We have all been there: facing a disappointing, stressful, or just plain tough period in our lives. Whether you are amid a drawn-out job search, juggling competing personal and professional responsibilities, or just figuring out how to deal with the often anxiety-provoking news headlines of the day, things are challenging right now, and it can be a struggle to cope.
When the going gets tough, how do you react? Do you get angry about the situation where you find yourself? Blame yourself? Wallow in the day-to-day struggles? Although these reactions are natural in the moment, ruminating on negative thoughts can prevent us from building strong coping skills and recovering more quickly from setbacks. Upon hearing the word "resilient” your mind might automatically go to someone who is strong and has had to overcome a lot. However, resilience is like a muscle—the more we train our brains to practice resilience, the better we get and the easier it becomes to cope with challenging situations. But what can we do to develop that resilient mindset in our daily lives?
Try a few of these strategies:
Assess and Reframe Negative Thoughts
Resilient people have negative thoughts, just like anyone, but they don’t let them derail their efforts. Instead of focusing on negativity, they practice positive thinking. You don’t have to be Pollyanna about things, but next time you have a pesky, reoccurring thought come through your brain, ask yourself “Is this helpful, or is this harmful?” If the thought is helpful and assists you in continuing to move forward—great! Take action and keep making progress! If it is harmful, try to reframe those thoughts to maintain perspective about the situation.
Choose your Response
This goes hand-in-hand with the previous strategy. We can't control other people, or many situations we find ourselves in, but we can control our own reactions to that situation. For instance, if you receive a rejection letter for a job you thought was perfect for you, you can get mad at the company for not “realizing your genius,” or you can think “maybe it just wasn’t the right fit for me—I am sure something better is ahead”.
Prioritize Relationships
Connecting with people you care about helps you remember that you aren’t alone when facing difficulties.
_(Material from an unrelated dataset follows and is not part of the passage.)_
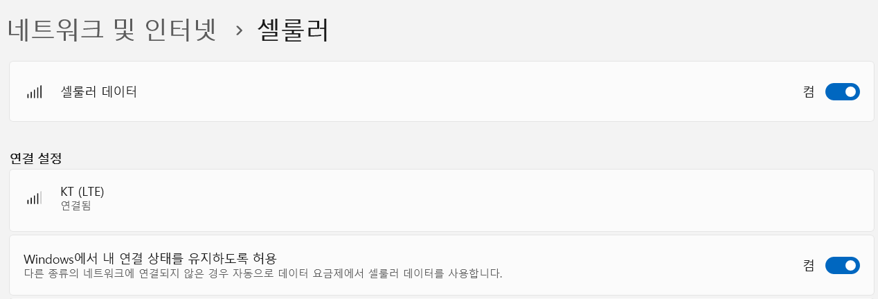 6. 윈도우 설정 - 네트워크 - 셀룰러 메뉴가 활성화되는지 확인한다.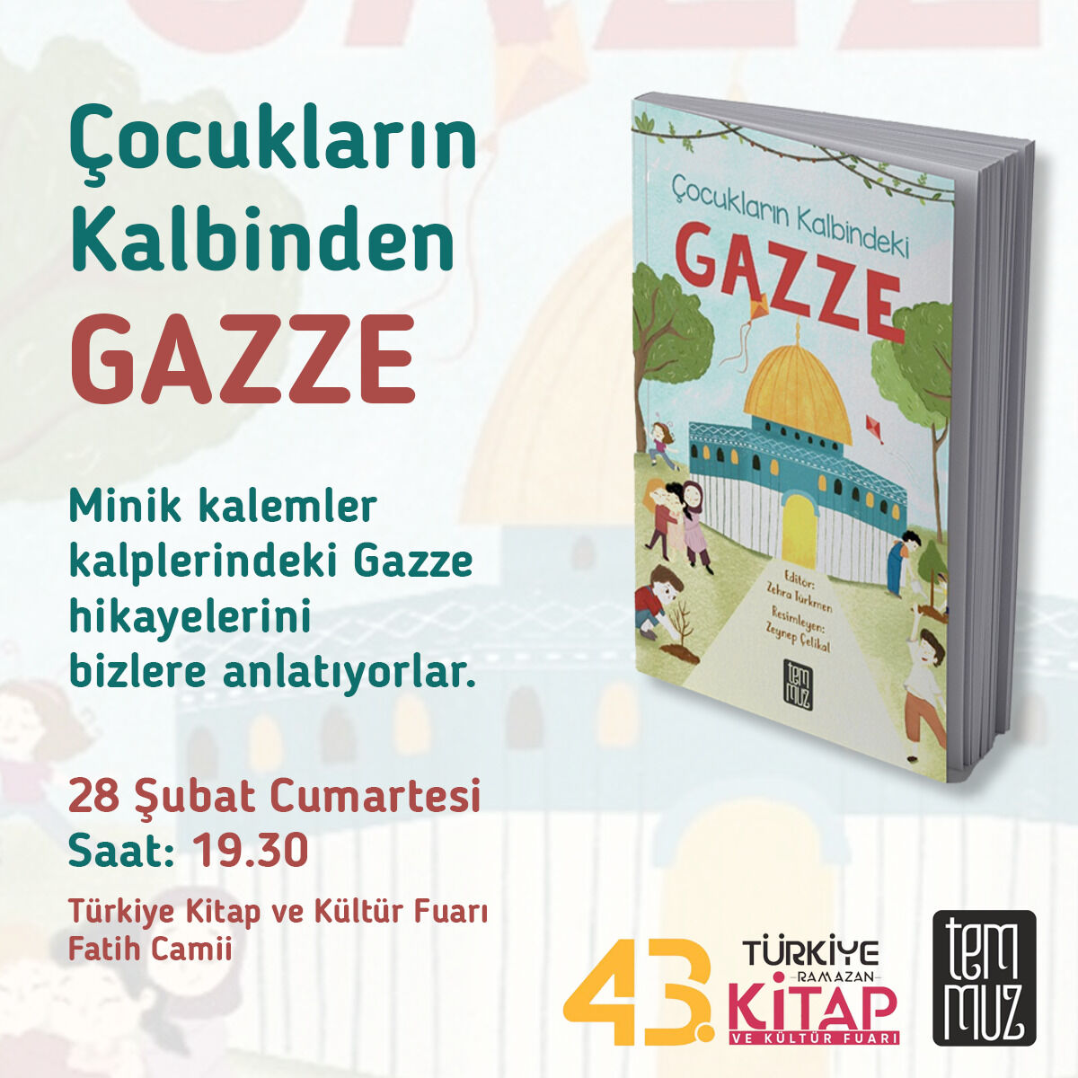 Gazze’de yaşananlara çocukların saf ve umut dolu penceresinden bakan anlamlı bir çalışma, okurlarıyla buluşmaya hazırlanıyor. Temmuz Kitap etiketiyle raflardaki yerini alan “Çocukların Kalbindeki Gazze” kitabının çocuk yazarları, 43. Türkiye Kitap ve Kültür Fuarı kapsamında düzenlenecek özel bir söyleşide bir araya geliyor.

Don’t be afraid to reach out to someone who cares about you, like a friend, family member, or mentor, who can give you the support you need at that time. If you don’t feel like you have connections who can support you, you may want to look into community organizations such as a civic group or faith-based community to engage in social support. Finding a safe space to offer some support can help you regain your sense of purpose.
Set, and Make Progress on, Goals
In Atomic Habits, James Clear talks about a proven framework for building a habit—doing the smallest possible piece of any given activity. That might be doing one push-up, writing one sentence, or spending 5 minutes outside in nature—whatever the smallest subset of your ideal goal can be. The idea behind this is that by setting an achievable goal—the atomic habit—you're likelier to do the action and achieve your larger goals as well. This can be applied outside of habits too. For instance, if your goal is to identify a more fulfilling job, one action you might take is activating your Handshake account.
Reach out for Support
In challenging situations, it can be hard to figure out where to go next or even how to get started. We are here to help! Contact Career & Professional Development to help develop a strategy that will propel you past any potential obstacles in no time.
Developing your social and emotional learning skills is a lifelong process. As we deal with challenging situations, we can choose our reaction—do we choose to dwell on the negativity or try to find positive things in our lives? Practicing the above strategies when a negative thought arises helps us learn to deal with those thoughts in a more healthy—resilient—way.